Mentre si celebra il matrimonio che cambierà gli equilibri del mercato legale dei prossimi anni, quello tra BonelliErede e una buona fetta di Lombardi Segni e associati, sono stati resi noti i dati delle ultime dichiarazioni dei redditi degli avvocati inviate a Cassa forense. Che certificano il graduale e continuo impoverimento della classe forense.

Due lati della stessa medaglia: l’élite degli avvocati d’affari da un lato, che nelle stanze dei bottoni muove pedine che valgono decine di milioni di euro; la “classe operaia” dei legali di provincia dall’altro, che “campano” con 15 mila euro di reddito l’anno. Qualche numero? A Milano, quartier generale delle grandi law firm, il reddito medio è superiore a 83 mila euro: oltre 45 mila in più rispetto alla media nazionale e quasi 70 mila euro superiore al circondario con il reddito più basso, Palmi, in Calabria, dove gli avvocati dichiarano la miseria di 14.328 euro l’anno. Non solo. Dalla rielaborazione di Le Fonti Legal dei dati di Cassa forense emerge anche che gli avvocati, negli ultimi dieci anni, hanno bruciato 20 mila euro di reddito. Da oltre 58 mila dichiarati nel 2007, anno di inizio della crisi, ai 38.620 delle dichiarazioni 2018, in calo rispetto all’anno scorso e superiori solo ai 37.842 euro dichiarati dagli avvocati nel 2014. Una “lotta di classe”, quindi, ma anche “di genere”: sempre stando alle rielaborazioni effettuate dal Centro studi di Le Fonti Legal l’avvocato uomo guadagna in media oltre il 55 per cento in più rispetto alla collega donna, 52.777 euro contro 23.500.
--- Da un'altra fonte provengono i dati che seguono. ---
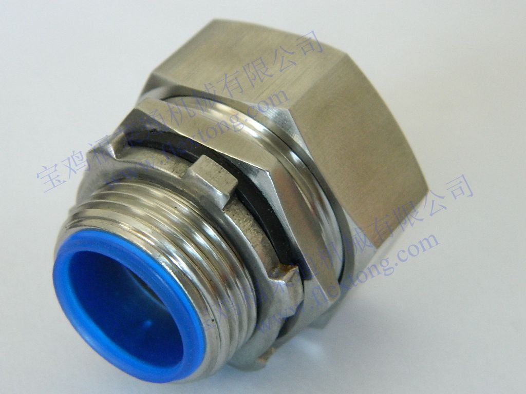 铜直接头带金属环的一端与金属软管连接,另一端螺纹连接穿线盒,开关箱,配电箱,电机等。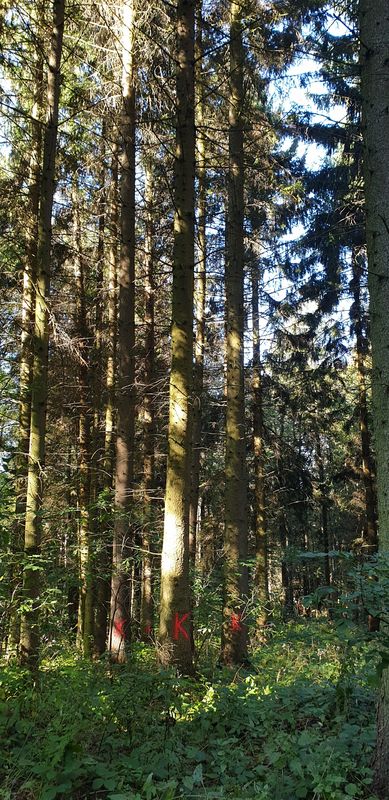 Im Juli konnten wir das Fundament betonieren und seit dem das Gelände rings um die Kapelle Stück für Stück bearbeiten. Im Oktober ging es in den Wald um passende Bäume zu markieren.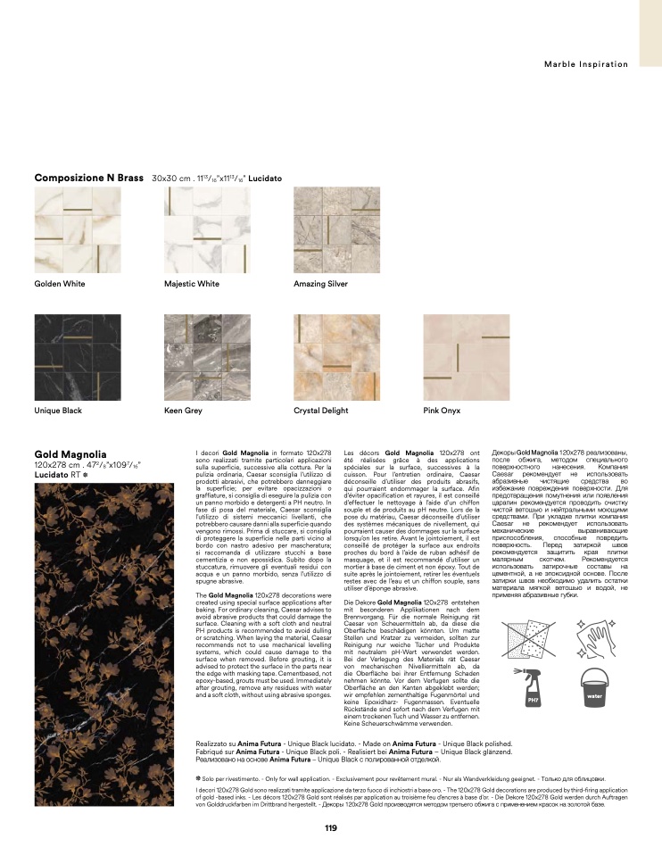 Solo per rivestimento. - Only for wall application. - Exclusivement pour revêtement mural. - Nur als Wandverkleidung geeignet. - Только для облицовки.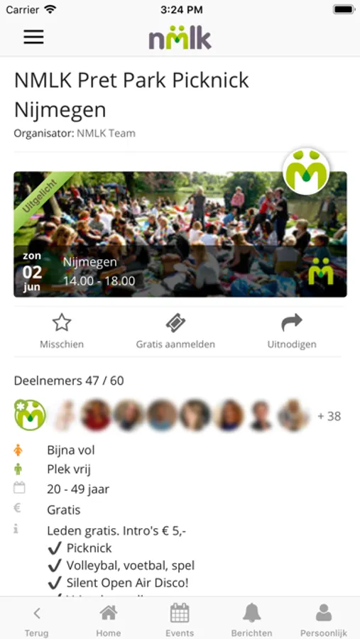 Sportievelingen, cultuurliefhebbers, feestbeesten, filosofen, natuurliefhebbers... bij NMLK vind je ze allemaal. Communicatieve mensen (HBO+) die nieuwe ervaringen willen beleven met nieuwe mensen. Samen de stad (her)ontdekken en nieuwe hotspots bezoeken. Met interessante leeftijdsgenoten omgaan, lol hebben, ideeën uitwisselen, ervaringen delen en nieuwe vrienden maken. Door de grote hoeveelheid en diversiteit aan events zitten er altijd wel nieuwe mensen bij met dezelfde interesses als jij.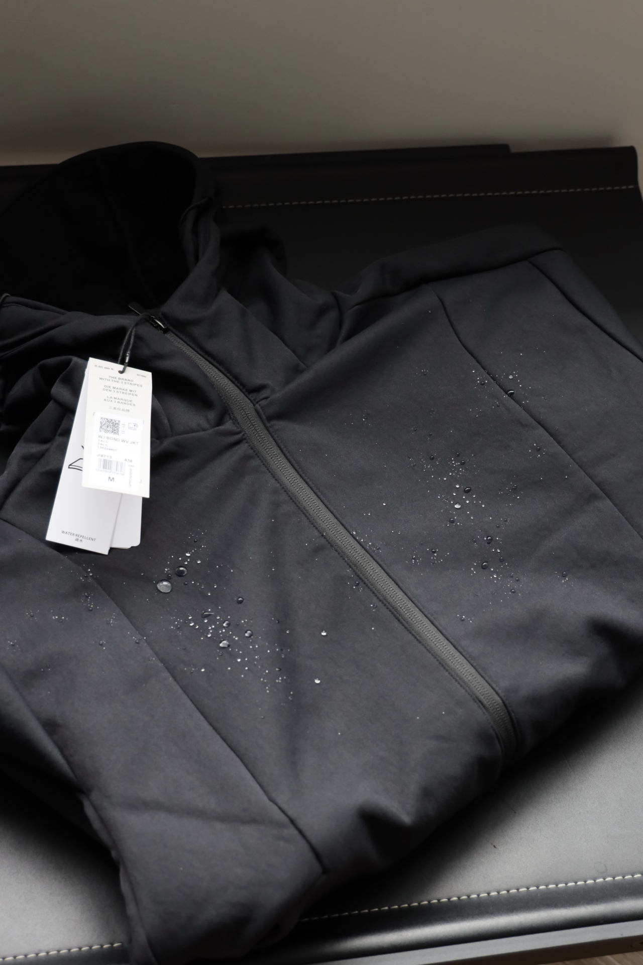 拉链全开襟配连帽,前袋,按扣袖口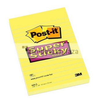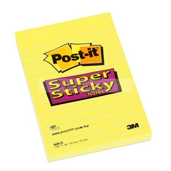 Öntapadó jegyzettömb, 102×152 mm, 90 lap, vonalas, 3M POSTIT „Super Sticky”, sárga

Un gap che aumenta alla presenza dei grandi studi d’affari: in Lombardia tra avvocato uomo e donna ci passano circa 60 mila euro l’anno, vale a dire una differenza di reddito di oltre il 60 per cento, la più alta a livello nazionale. A seguire il Lazio, dove il “gender salary gap” è pari al 59,8%, che equivalgono a circa 40 mila euro l’anno. A quanto pare, quindi, i grandi studi con sedi a Milano e Roma alimentano il gap di genere. Confermando, peraltro, quanto emerso dall’indagine pubblicata sul numero di aprile di Le Fonti Legal, che ha evidenziato come nei grandi studi d’affari poche donne arrivano alla partnership.
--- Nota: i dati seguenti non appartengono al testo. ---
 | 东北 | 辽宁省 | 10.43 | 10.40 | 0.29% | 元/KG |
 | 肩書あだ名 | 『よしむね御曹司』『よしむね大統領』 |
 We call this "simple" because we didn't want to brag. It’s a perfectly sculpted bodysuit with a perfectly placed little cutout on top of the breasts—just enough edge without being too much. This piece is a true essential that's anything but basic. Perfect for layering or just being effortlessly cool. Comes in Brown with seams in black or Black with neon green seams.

Più numerose all’ingresso della professione forense, le donne avvocato si bloccano nel momento decisivo della carriera: da un lato, infatti, sono ormai arrivate a quota 47,9 per cento rispetto al totale degli avvocati iscritti agli albi, mentre nel 2008 erano il 43,3% e nel 2000 il 33,6%.
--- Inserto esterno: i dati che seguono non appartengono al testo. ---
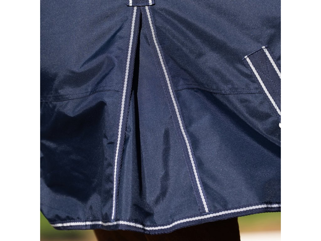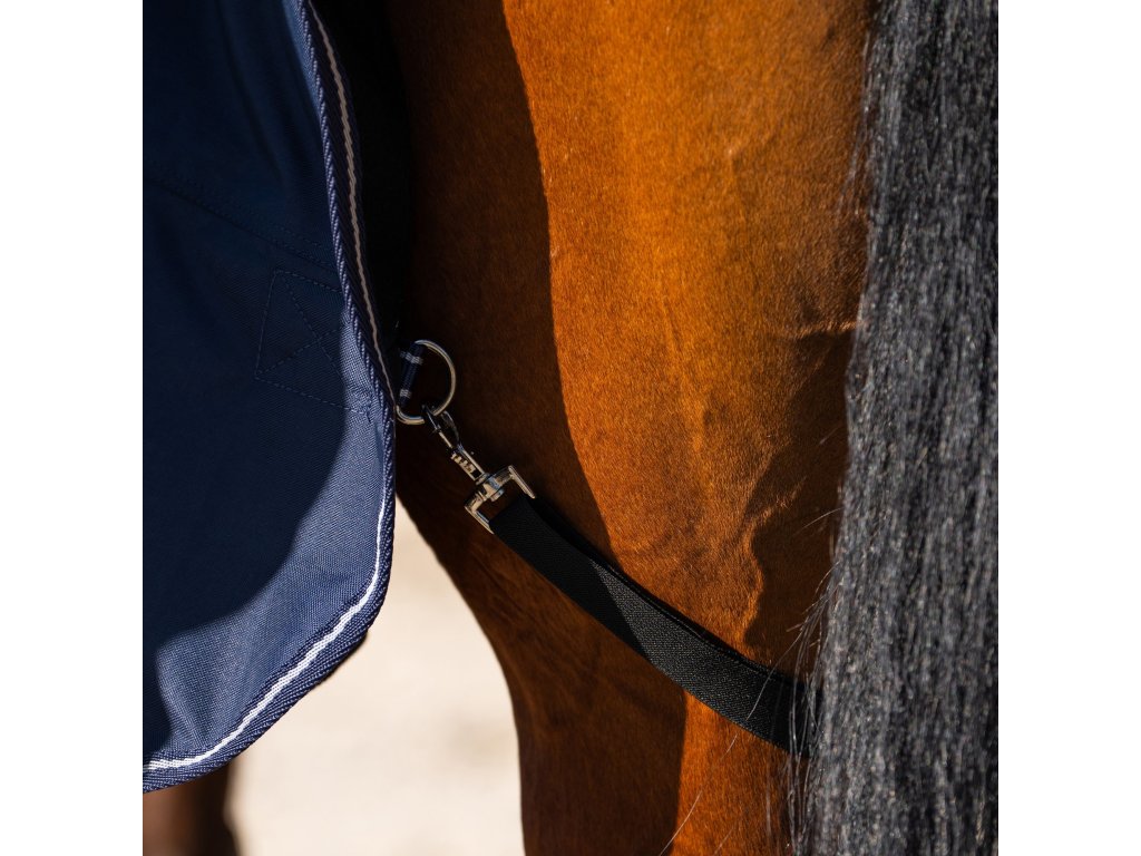 Výbehová deka s vyšším krkom a zateplením 200 g poskytuje spoľahlivú ochranu a komfort v nepriaznivom počasí. Kombinuje funkčnosť, odolnosť a moderný vzhľad. Odolný, nepremokavý vrchný materiál s pevnosťou 600 D chráni pred dažďom aj vetrom, zatiaľ čo hrejivá výplň zabezpečuje pohodlie pri celodennom nosení. Deka je vybavená dvojitým predným zapínaním na T-pracky, nastaviteľným krížovým zapínaním pod bruchom a popruhmi medzi zadné nohy.
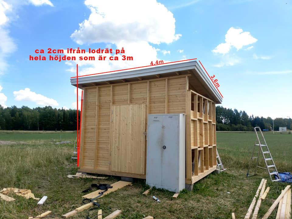 Jag vet att det är dumt att inte ankra bygget i marken innan det var klart. Men efter att panelen kom upp på insidan kändes det extremt stabilt och jag trodde inte dom behövdes längre vilket tydligen var fel...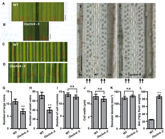 To reveal the underlying cellular basis of narrow leaves in the Oschr4-5 mutant, the venation pattern of leaf was first observed. The number of large veins and small veins of Oschr4-5 was significantly reduced by 36% and 42%, respectively, of that of the WT (p < 0.01) (Figure 2A–D,G–H). Then the epidermal cell profile on the abaxial side of leaf blade was examined. Neither the number of cell column between the adjacent small vein nor the cell width at the horizontal orientation showed significant difference between Oschr4-5 and WT (Figure 2E,F,I,J). These results indicate that the decreased leaf width in Oschr4-5 may be caused by reduction in the number of veins. Since auxin is required for specification of the venation pattern in leaves [,] and auxin overproduction usually leads to narrow and epinastic leaves in Arabidopsis [,], the amount of free indole acetic acid (IAA), the major auxin, in Oschr4-5 and WT was measured. As a result, the content of IAA in Oschr4-5 was significantly higher than that of WT (86.39 ± 4.55 vs. 24.39 ± 0.76 ng/g, p < 0.01) (Figure 2L).

Dall’altro, il “gender salary gap” passa dal 17,6% al di sotto dei 30 anni a oltre il 50% tra i 45 e i 49 anni, nel momento clou della carriera. Una “lotta di classe” e di “genere” che esige risposte: dall’Ordine professionale, dalla politica, ma anche, a ben vedere, dalle stanze dei bottoni degli studi legali d’affari.